**Exercise data**
::::::

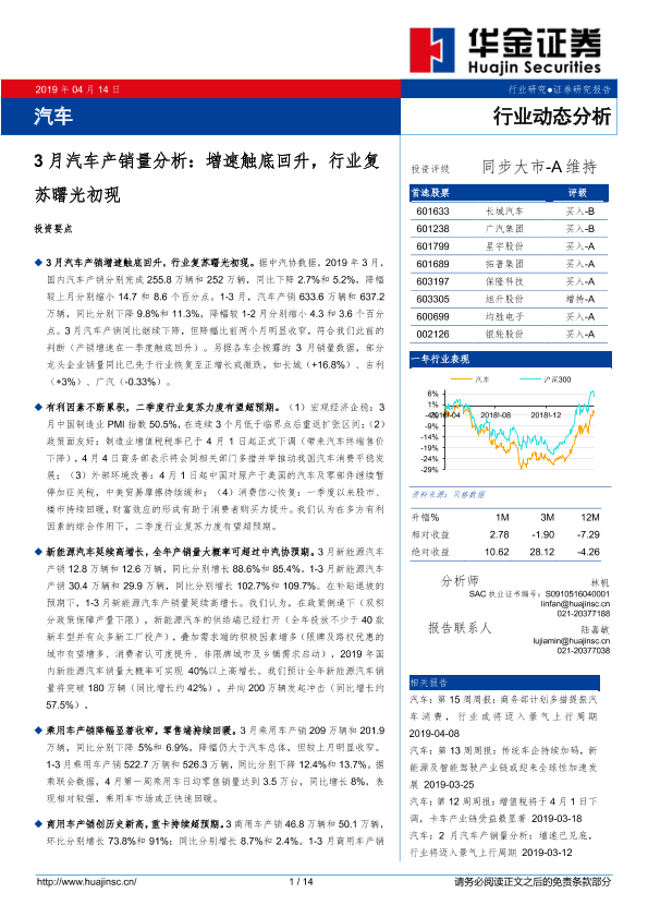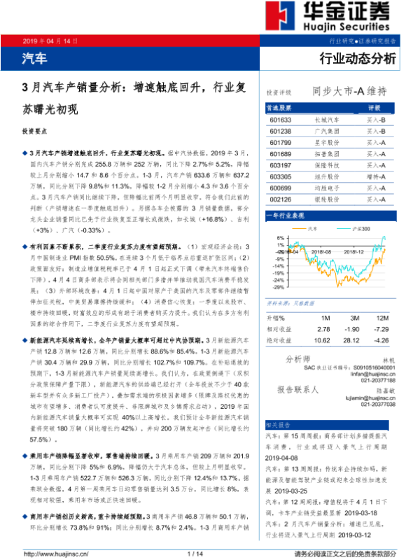 【华金证券】【20190414】3月汽车产销量分析:增速触底回升,行业复苏曙光初现-14页
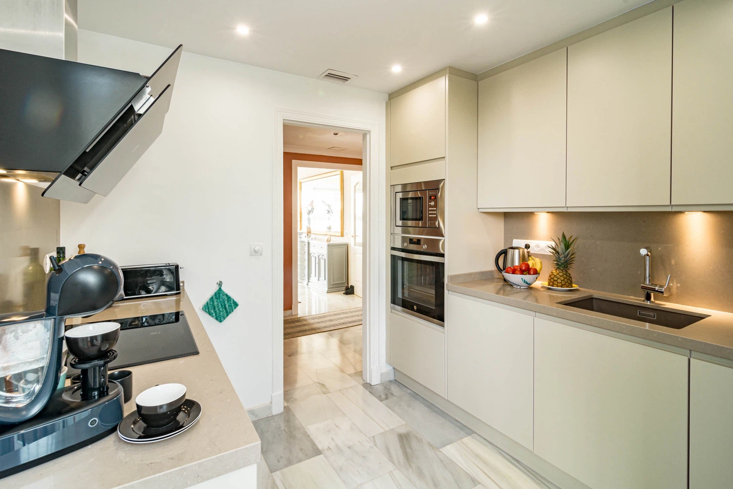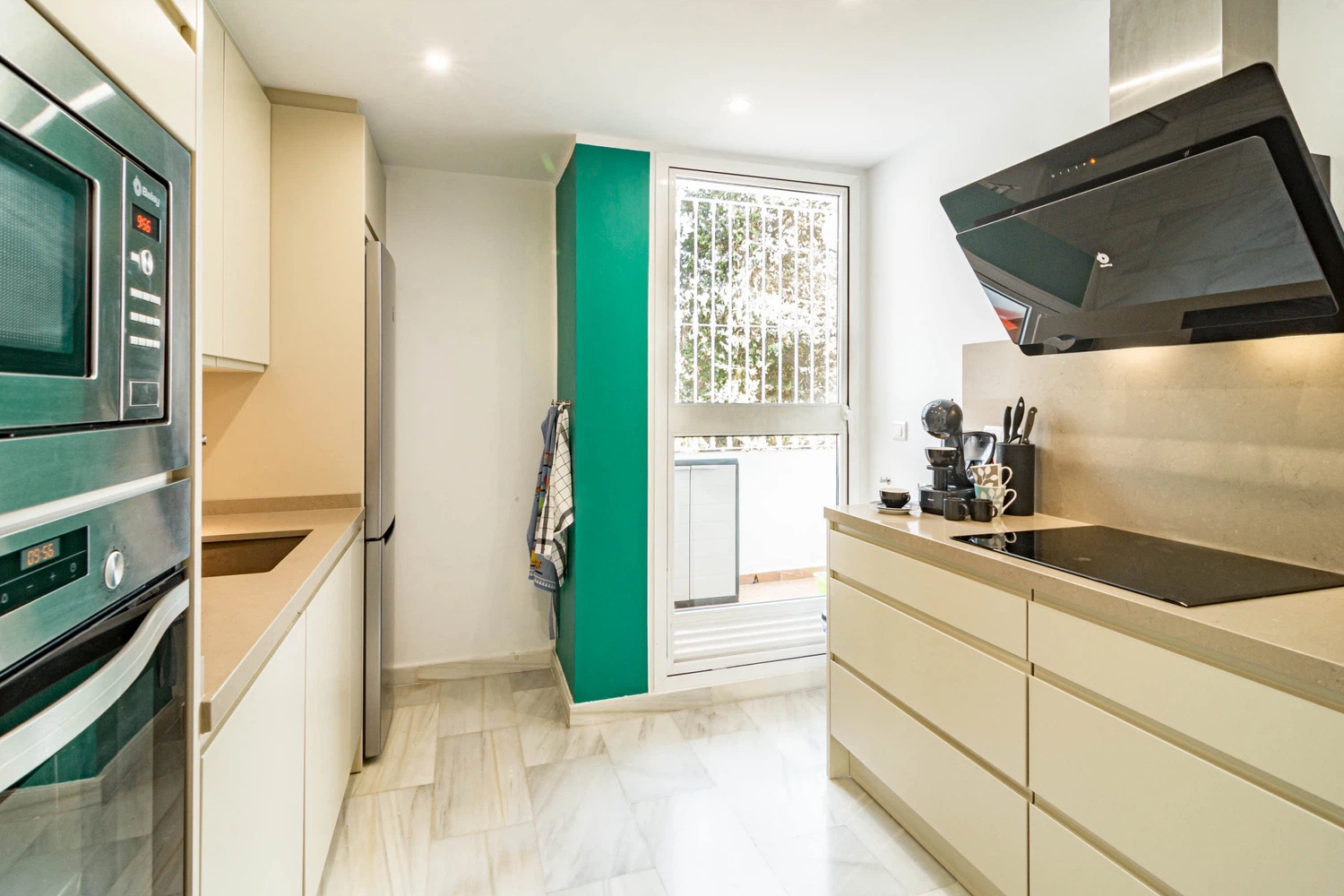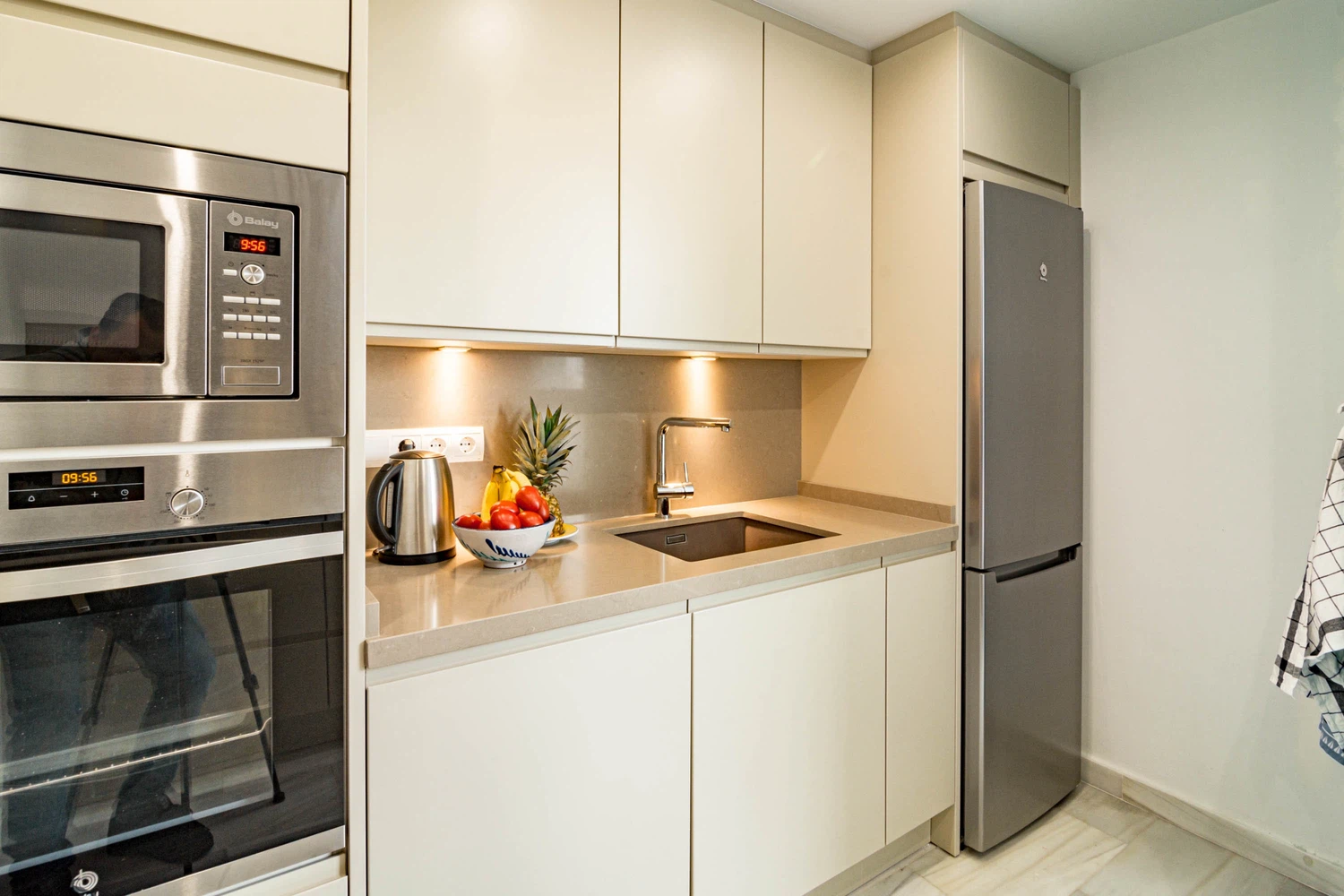 La cocina independiente, de inducción, está equipada con nevera, microondas, horno, congelador, lavavajillas, vajilla/cubertería, utensilios/cocina, cafetera, tostadora, hervidor de agua y exprimidor.
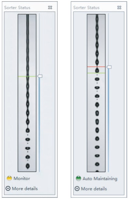 通过分选校准,系统获得最佳液滴断点、最佳侧液流设置并自动生成液滴延迟值(自动液滴延迟)。当软件检测到液流不稳定且在 1 分钟内无法通过自动保持功能恢复,启动自动恢复功能。

::::::

**Problem requirements**
Print the data again word for word, pictures excluded.

**Output**
 【华金证券】【20190414】3月汽车产销量分析:增速触底回升,行业复苏曙光初现-14页
 La cocina independiente, de inducción, está equipada con nevera, microondas, horno, congelador, lavavajillas, vajilla/cubertería, utensilios/cocina, cafetera, tostadora, hervidor de agua y exprimidor.
 通过分选校准,系统获得最佳液滴断点、最佳侧液流设置并自动生成液滴延迟值(自动液滴延迟)。当软件检测到液流不稳定且在 1 分钟内无法通过自动保持功能恢复,启动自动恢复功能。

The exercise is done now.